Great glad to hear that you got everything to work.

Cheers!


----------



## Bartender (Jun 10, 2005)

Comcast is the same way. You have to get the account started with a Windows PC, then you need to put a router into the system in order to connect with a Linux PC.
I've connected to a few Comcast accounts with our Linux lappy, but only behind a router, not direct to the modem.


----------



## cmpjr007 (Oct 8, 2008)

Why couldn't Verizon tell me that????
I talked to people from different planets
without any help.


----------



## wmorri (May 29, 2008)

It is possible that they don't know that. When I did tech support I wasn't always given every fact. When ever they here that you are running Linux, they are automatically told that there is nothing that they can do for you and that is that. Then they just move on to the next customer. It is not the techs fault, so don't blame them for things they don't know.

Cheers!


----------



## cmpjr007 (Oct 8, 2008)

True enough, thanks again,
cmpjr007


----------



## Bartender (Jun 10, 2005)

Well, instead of just accepting that their "tech help" is resolutely clueless, Comcast and Verizon customers running Linux oughta call the help desk and tell whoever picks up how they did it.
They get enuf calls and someone may decide they should do something about it. Linux is becoming more popular and there's no good excuse for the big providers to make it harder on us.

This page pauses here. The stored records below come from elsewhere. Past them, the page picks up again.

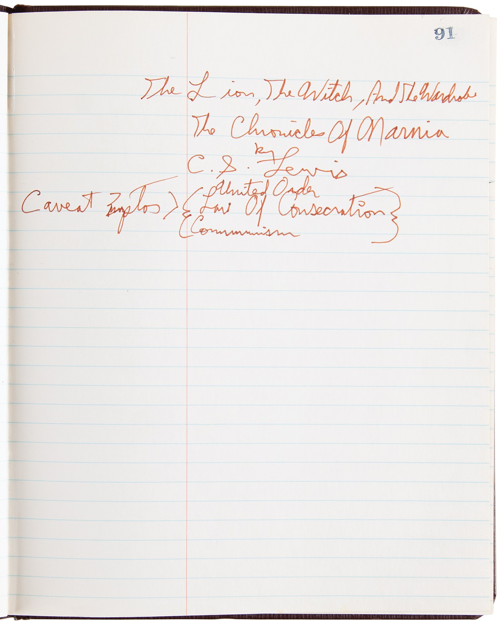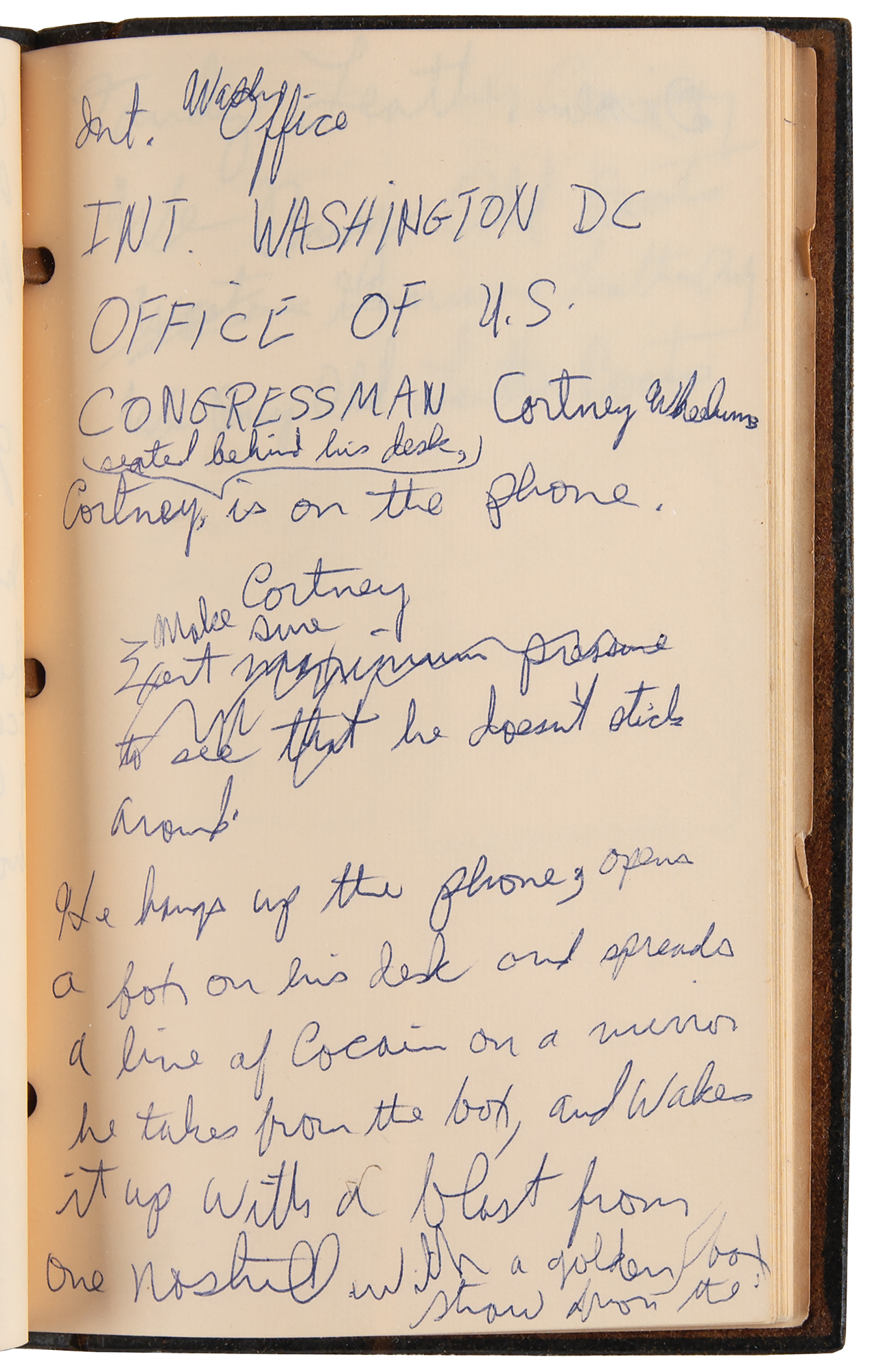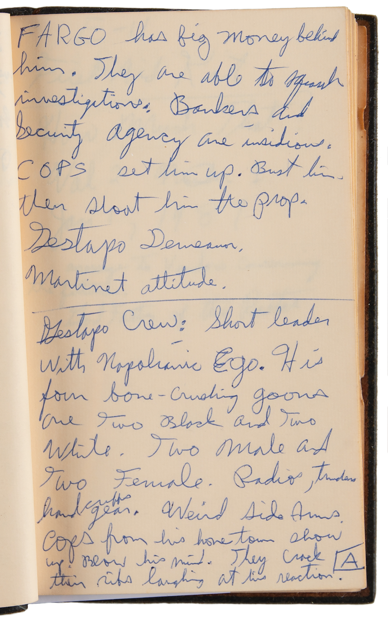 Leather-bound notebook, 6 x 9, 148 pages (59 with Cleaver’s handwriting), some damage to front cover, and general toning to interior. The notebook includes notes for a film script and various other subjects, to-do lists, possible speaking engagements, author names and book titles, and contact information for various people. Highlighted quotes include:
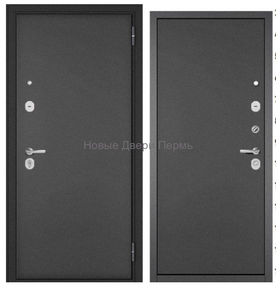 Модель выпускается в двух вариантах: Антрацит букле — современный графитовый оттенок, и Медь — тёплый классический цвет с металлическим блеском. Фурнитура включает хромированную ручку 0593, глазок, противосъёмные ригели и декоративную накладку на замок.
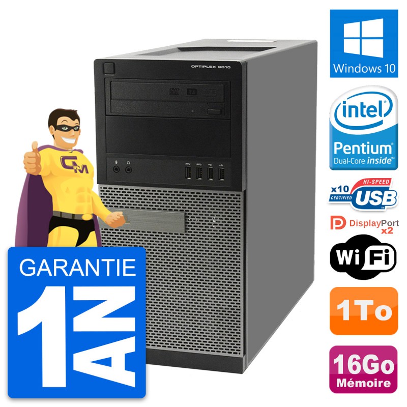 PC Tour Dell OptiPlex 9010 - Intel Pentium Dual-Core G630 2.7 Ghz (3 Mo) - 16 Go DDR3 - Disque Dur 3,5" 1 To - Graveur DVD - Clef Wifi USB - Windows 10 - Garantie 1 an.
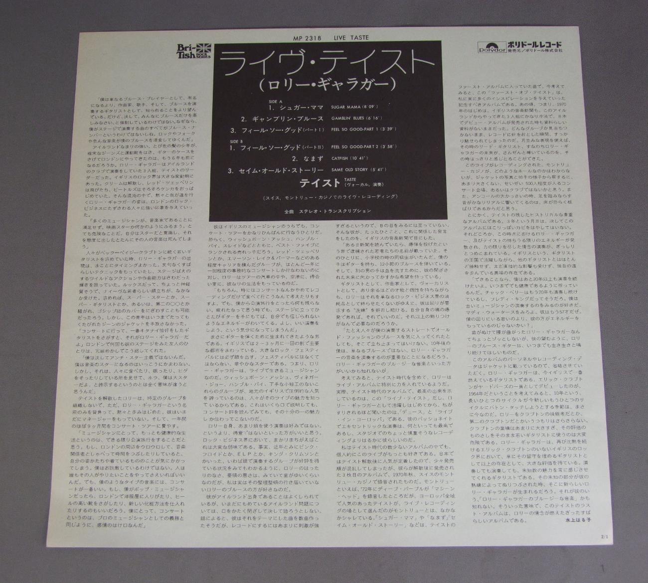 RORY GALLAGHERロリー・ギャラガー/LIVE TASTEライヴ・テイスト MP2318 製造国:日本盤 / Media:LP外観:EX-盤の状態:EX 価格(税込):¥2,365(売約済) 送料 7inch:定形外郵便 360円~LP:定形外郵便 660円~送料は、注文の最終画面で確認頂けます。 > > RORY GALLAGHER/LIVE TASTE 外観 (EX-)特記事項:ヘリスレ有。裏ジャケにシミ。外観EX-の共通説明:ダメージ軽度~多少。 中古品としては普通の状態。シミ、ヨゴレ、スレなど軽く~多少。 盤の状態 (EX)特記事項:薄いスリキズ・スレ軽くある感じ。殆どが軽微なものの様子です。盤EXの共通説明:盤面のスリキズが薄いものが少し~軽度 音に出そうなものは無いように見える(軽微なソフトティック音は除く)。 Tweet それぞれの画像をクリックすると、大きい写真が見られます こちらの商品もお勧めです 770円 CHARLES AZNAVOURシャルル・アズナヴール / GOLDEN PRIZEゴールデン・プライズ 880円 RUPERT HOLMESルパート・ホルムズ / ADVENTUREアドヴェンチャー 770円 FRED BONGUSTOフレッド・ボングスト / IL GIORNO E LA NOTTE昼と夜 770円 JACKSON BROWNEジャクソン・ブラウン / LAWYERS IN LOVE愛の使者 880円 TONY BENETTトニー・ベネット / BEAT OF MY HEARTビート・オブ・マイ・ハード 770円 PETER ALLENピーター・アレン / BI-COASTALバイ・コースタル 880円 JULIEN CLERCジュリアン・クレール / JALOUX嫉妬 990円 GLENN FREYグレン・フライ / ALLNIGHTER
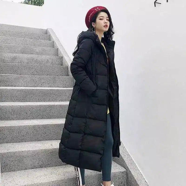 Zimowa długa kurtka puchowa z kapturem dla kobiet

Anyway, it wouldn't take much to educate their tech help as to the present situation. Here are the Comcast directions:
#1 Set up account with any Windows PC.
#2 Get a router and set it up with proper encryption etc.
#3 Grab your Linux PC and either plug it in to router or have it look for the wireless connection.


----------



## wmorri (May 29, 2008)

That is a great Idea Bartender. I haven't really thought about that before. When or if I ever have to call tech support I might mention that to them.

Cheers!


----------